Yankton Rondeau swiveled his ears outward. He hunched his shoulders, up and outward, then closed his eyes. He placed his right arm over his eyes. He breathed deeply and fell backward into his boots.

“Tell me about Maria,” the dog said to the man.

“Maria is gone,” Yankton Rondeau said to the dog. “Try to forget about Maria for now.”

Barco crinkled his forehead and cocked his head. “What does ‘gone’ mean?” the dog Barco said. “Do all Marias become gone?”

“Go to sleep, Barco,” Yankton Rondeau said. “We get up early and we’ll beat the storm. Go to sleep.”

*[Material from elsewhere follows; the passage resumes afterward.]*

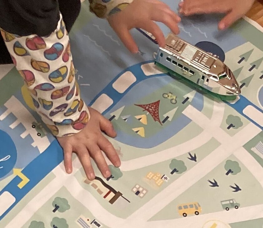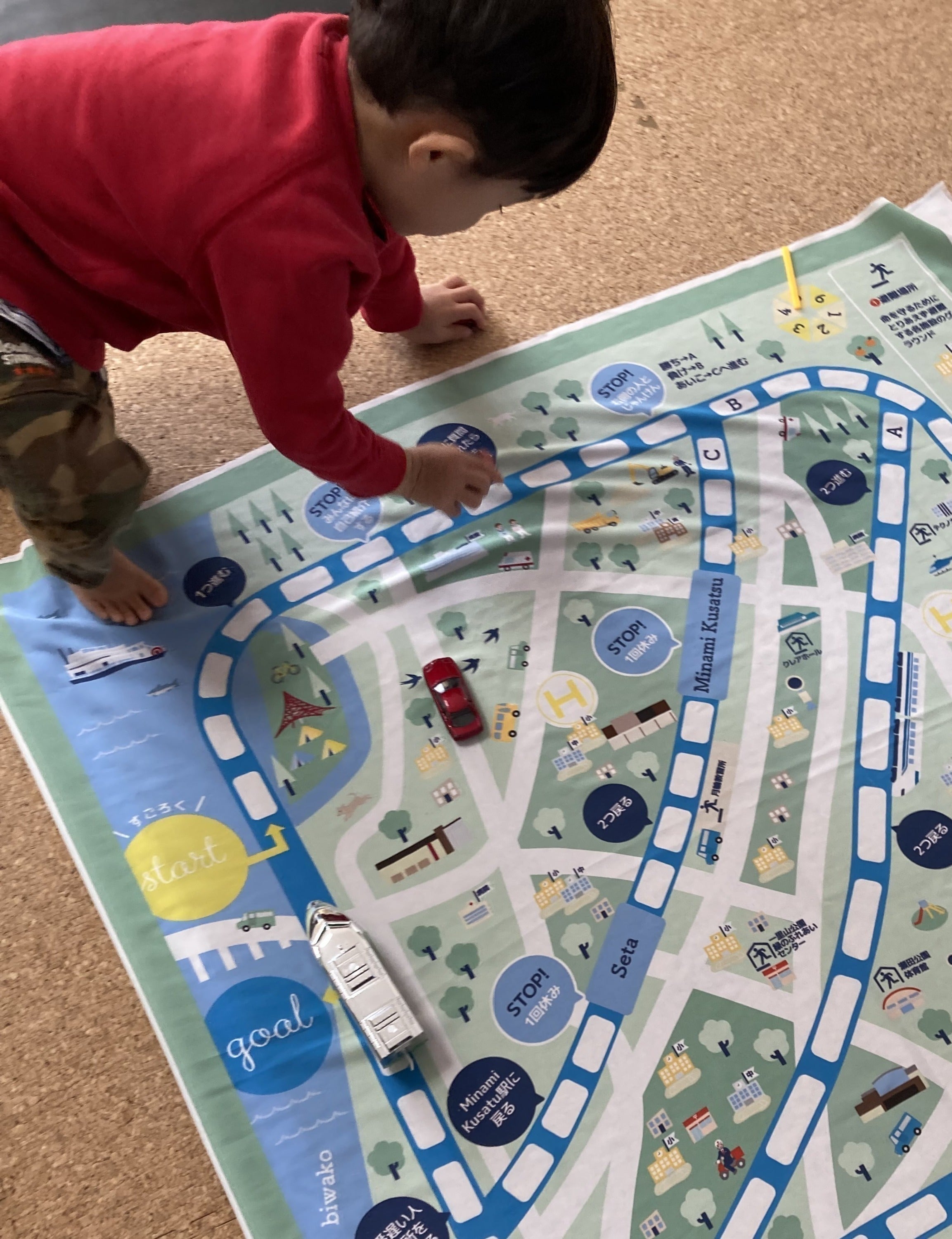 しかも道路や線路がデザインされているので、車や電車好きな子がミニカーを

In the truck bed, Barco and Yankton Rondeau carried alpine skis, powder skis, telemark skis, crampons and snowshoes. In addition, they carried backcountry packs and two duffel bags of outdoor clothing. In a large and carefully padded crate, Yankton Rondeau carried a Singer Quatrum XL-6000 sewing machine, a Singer Ultralock serger, a case of threads and fabric samples.

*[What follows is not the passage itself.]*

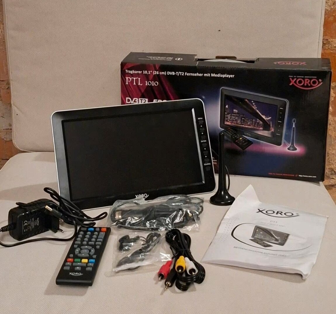 Телевизор, Xoro 7 дюймов экран, комплект всё, что на фото, 12V-220V, встроенный аккумулятор (держит +. - 5 часов), встроенная приставка DVB-T2 для просмотра бесплатных каналов. Также имеются входы AUX. USB. Micro USB. HDMI. RCA.
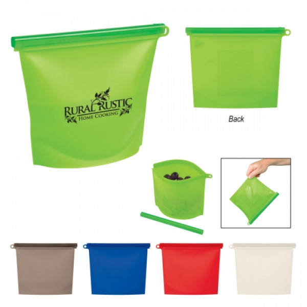 ::Made of Silicone::Holds Up To 4 Cups::Holds Dry or Liquid Contents::Resealable and Reusable::Convenient Loop For Hanging::Meets FDA Requirements::Hand Wash Recommended

In a separate box, he packed the works of Octavio Paz and a volume on the fabrics of Central America. In addition, he carried a case of CDs that included the complete works of Claude Debussy and a wide sampling of the works of Frédéric Chopin.

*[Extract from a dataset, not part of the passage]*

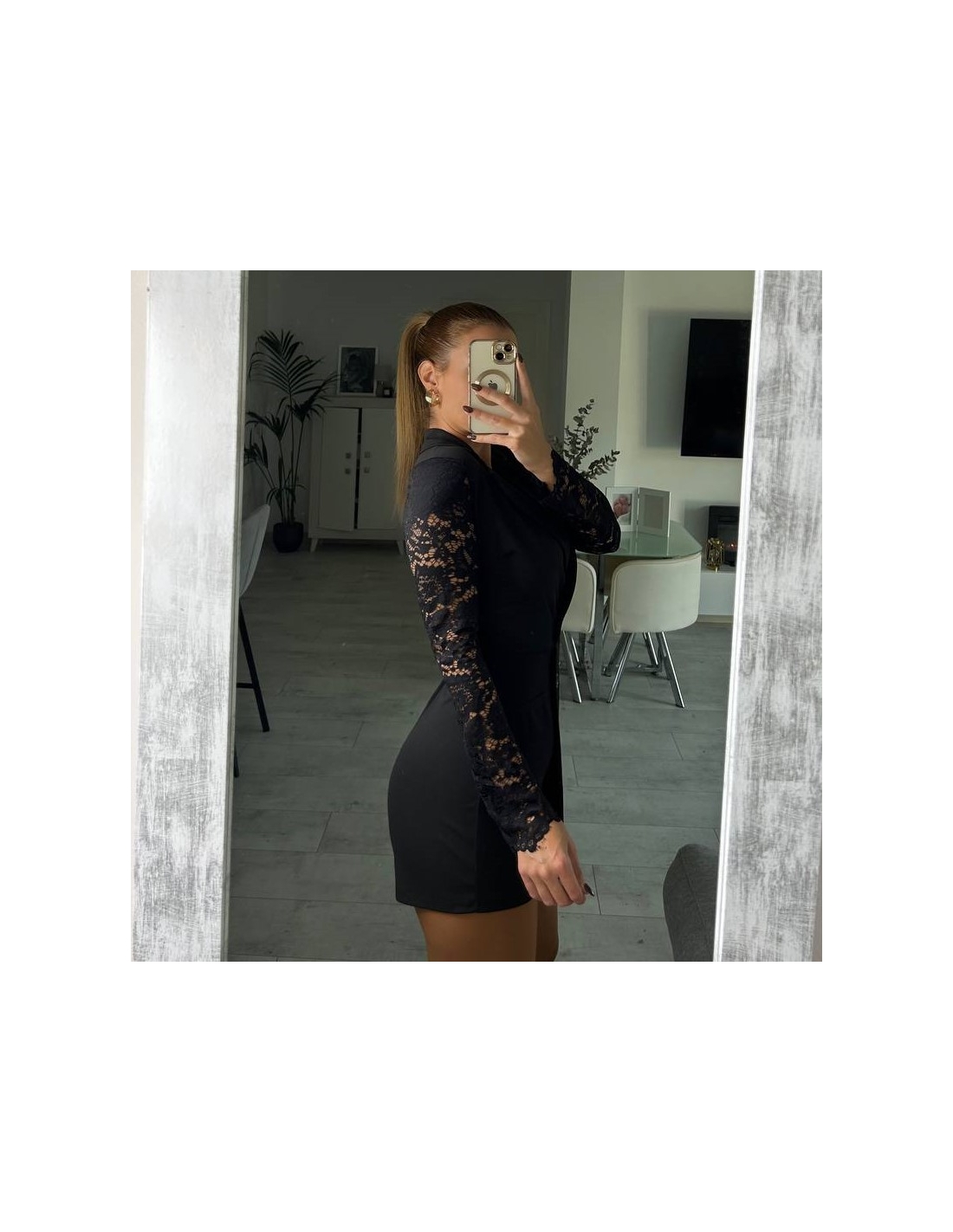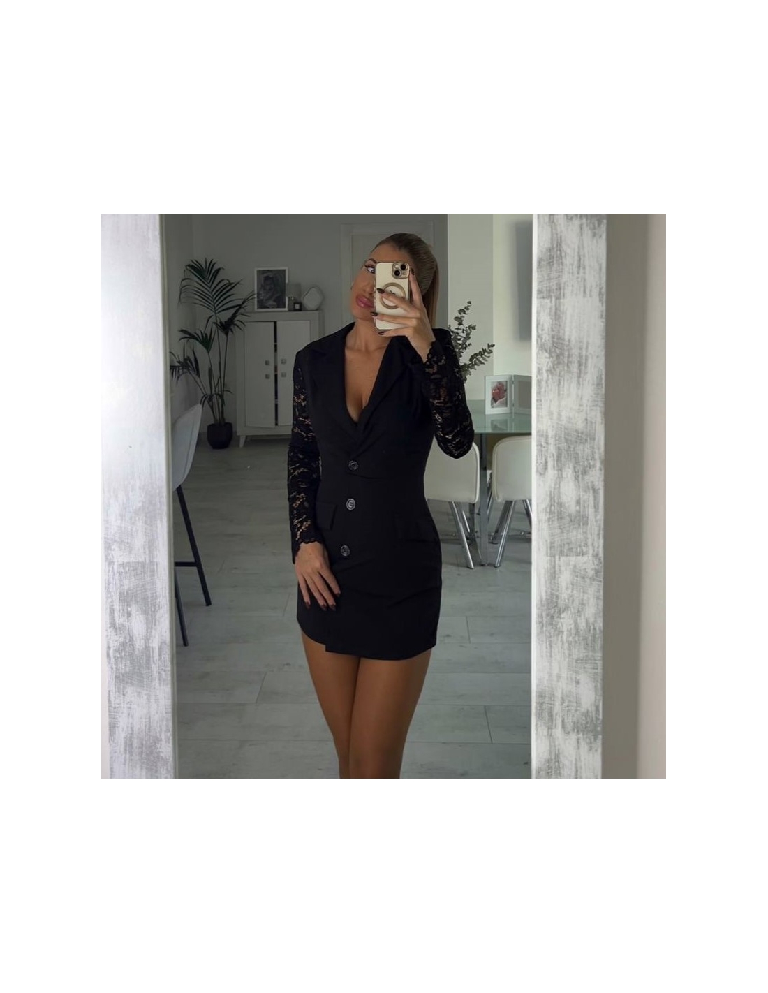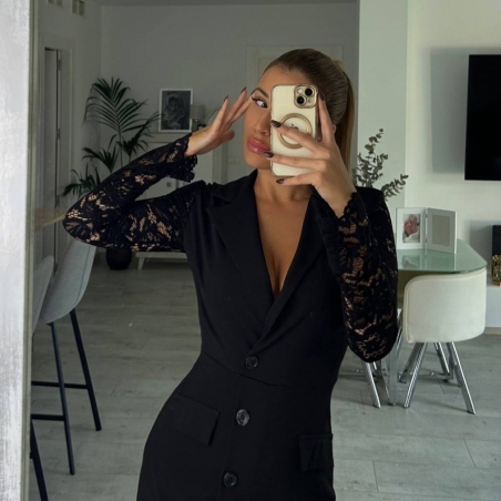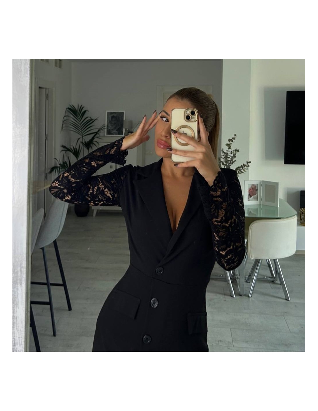 Mono corto abotonado Con mangas encaje a tono. Escote en V. Cuello de solapa. Talla única

In a moment, he was asleep. He dreamed crazy dreams but his nightmares of Maria had stopped.

Yankton Rondeau was born on New Year’s Day, 1962, in Yankton, South Dakota, three weeks before he was expected. He was the first baby born in Yankton that year. His parents named him after the town. After two weeks of rest for his mother, his parents continued their trip home to Québec. He never went back to Yankton.

“Lucky,” he said of his birth, “and I remember it as funny.”

When the day broke over Nevada, Yankton Rondeau and the dog Barco got going again. There was wind in advance of the storm. Yankton Rondeau hoped the velocity of the wind would not increase for the rest of the trip. He feared wind, although he never told anyone, not even Barco. On the CD player, Yankton Rondeau played a favorite Chopin Polonaise, the Opus 40, No. 1, in A Major.

Barco put his head out of the window at the moment that Yankton Rondeau drove the pickup truck through the Ski Town limits. On the truck’s clock, it was 8 o’clock. There were spaceship clouds in the Eastern Sierra sky.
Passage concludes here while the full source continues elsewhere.